Records for the exercise Block Start

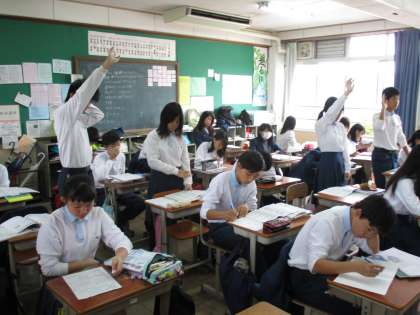 英語の時間には、相変わらず反復学習が行われています。
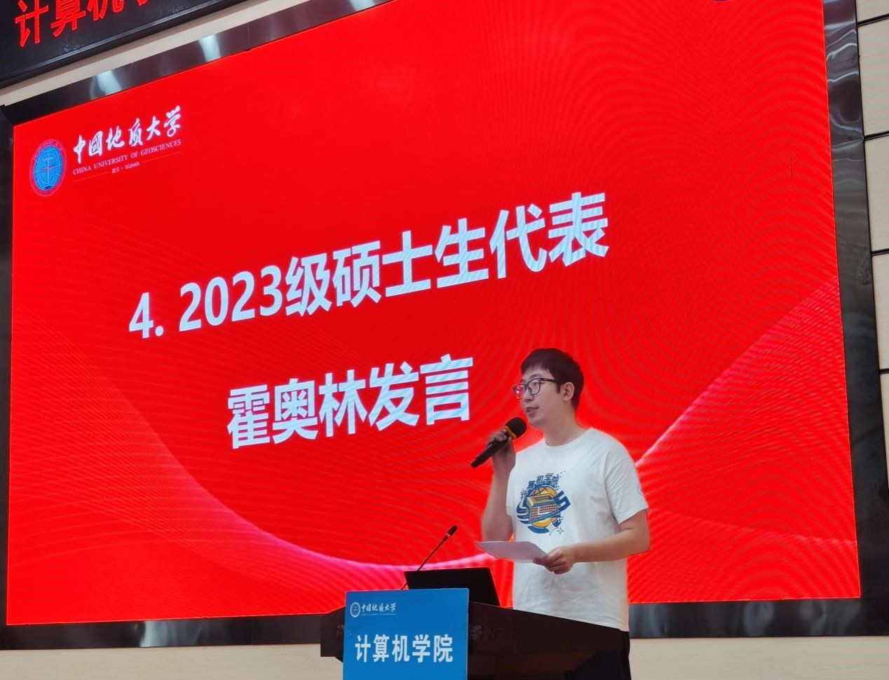 高年级学生代表、2023级硕士生霍奥林发言。他结合在校六年的学习成长经历,作了关于“不忘初心、勇于尝试、审视未来、劳逸结合”等方面的分享,鼓励新生坚定信念、把握机遇、勤于思考、全面发展,在充满活力与底蕴的beat365官方网站勇敢追梦、踏实圆梦,以实际行动书写属于自己的地大计科故事。
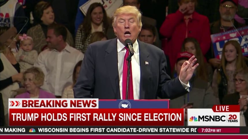 He talked about the “fun” of fighting Hillary Clinton; he took a few shots at Ohio Gov. John Kasich (R) for not supporting his campaign; and he took time to ridicule conservative independent presidential candidate Evan McMullin. We heard “lock her up” chants, which Trump greeted with a grin; we heard repeated whining about journalists and news organizations; and we even heard mockery of a protester.If it seemed as if Trump was returning to campaign mode yesterday, there’s a good reason. Indeed, the problem is that Trump never actually left campaign mode.As Rachel has explained on the show this week, there’s ample precedent for presidents hitting the road and holding rallies, but there’s always a point to the outings. Woodrow Wilson held a series of public events to convince the public to support his idea for a League of Nations; George W. Bush held rallies in support of privatizing Social Security; in 2009, President Obama even held some events to tout the benefits of the Affordable Care Act. For that matter, nearly every president has hosted rallies during their re-election bids in the hopes of encouraging Americans to give them a second term.But there doesn’t appear to be anything in the American tradition similar to what Donald Trump did yesterday: he held a public rally for the purpose of celebrating himself, his election victory, and all the amazing things he intends to do once he takes office.A New York Times report added, “Kicking off what was billed as a ‘thank you’ tour, Mr. Trump was incendiary and prideful, hopeful and indicting, vengeful and determined. His staff said the rally was the first of several he will hold before his inauguration next month. His tour is an unusual move for a president-elect, most of whom do not return so quickly to the campaign trail, especially while key cabinet positions remain unfilled.”But Donald J. Trump likes the campaign trail, far more than he likes doing actual work. Rallies are fun; governing is hard and tedious. As we discussed the other day, the president-elect doesn’t have time for “several” public rallies — intended solely to allow Trump to talk about how pleased he is with himself — but these events remain a priority because his focus is on being a celebrity superstar, not rolling up his sleeves and tackling unglamorous tasks.The New Republic‘s Alex Shephard put it this way: “Donald Trump, a man who has a very short attention span and requires instant gratification more or less constantly, loves campaigning because he has a very short attention span and requires instant gratification more or less constantly.”And so, even though the campaign ended last month, it will continue, indefinitely. The concept of a “permanent campaign” has always been based on the idea that the next election cycle begins immediately after the previous cycle ends, making governing extremely difficult, but Trump is ushering in the Permanent Campaign 2.0 — in which the incoming leader remains a candidate, not because he’s worried about losing in four years, but because he simply prefers being a candidate to being a president.It’s a bit like that friend of yours from college who could’ve graduated and moved on to getting a job, but who simply kept taking classes and seeking new degrees because he enjoyed the comforts of being a student — and feared what came next.Stop waiting for the pivot to maturity and stature: there is no difference between pre-election Trump and post-election Trump, and by all appearances, there probably never will be.
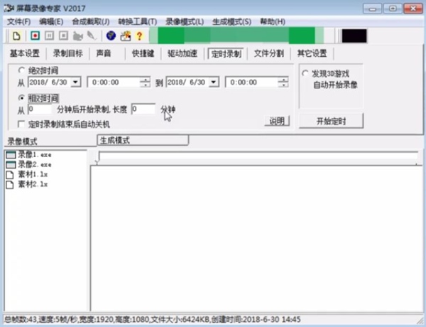 1、支持长时间录像并且保证声音同步。(V3 V3.5 V5 V5.5 V6等以前的旧版本声音同步有问题,请使用最新版)。在硬盘空间足够的情况下,可以进行不限时间录象(只有最新版有此功能)。支持WIN7/WIN8声音内录功能(录电脑播放的声音)。使用EXE/LXE/AVI格式录像时支持意外断电修复。
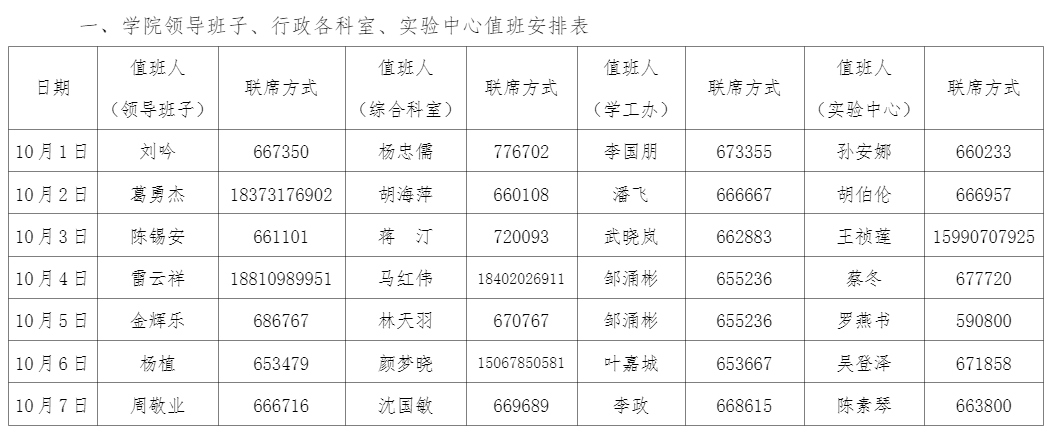 领导班子、行政各科室、实验中心值班安排表
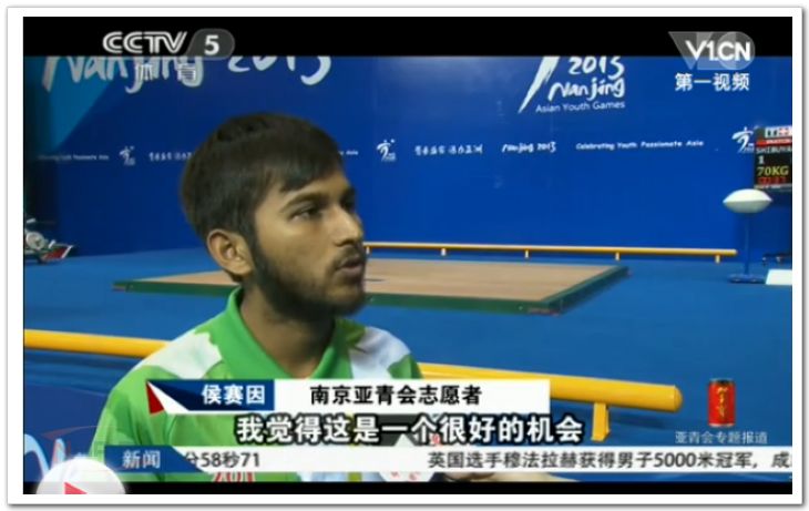 8月17日17时45分,在南京国际博览中心F馆举行的举重女子48公斤级比赛中,来自中国的15岁小将蒋惠花以183公斤的总成绩一举夺魁,摘得桂冠。本次比赛,我校志愿服务工作获得央视等多家媒体的报道。侯赛因就是受采访的志愿者之一,采访中他提到亚青会是一次国际赛事,参与成为亚青会的志愿者,是一次很好的与中国朋友交流的机会。

Records for the exercise Block End

#### Exercise
Each line from the line containing "1、支持长时间录像并且保证声音同步。(V3 V3.5 V5" through the final line of the data above must be retyped exactly; nothing else, and no pictures, may appear.

#### Written solution
 1、支持长时间录像并且保证声音同步。(V3 V3.5 V5 V5.5 V6等以前的旧版本声音同步有问题,请使用最新版)。在硬盘空间足够的情况下,可以进行不限时间录象(只有最新版有此功能)。支持WIN7/WIN8声音内录功能(录电脑播放的声音)。使用EXE/LXE/AVI格式录像时支持意外断电修复。
 领导班子、行政各科室、实验中心值班安排表
 8月17日17时45分,在南京国际博览中心F馆举行的举重女子48公斤级比赛中,来自中国的15岁小将蒋惠花以183公斤的总成绩一举夺魁,摘得桂冠。本次比赛,我校志愿服务工作获得央视等多家媒体的报道。侯赛因就是受采访的志愿者之一,采访中他提到亚青会是一次国际赛事,参与成为亚青会的志愿者,是一次很好的与中国朋友交流的机会。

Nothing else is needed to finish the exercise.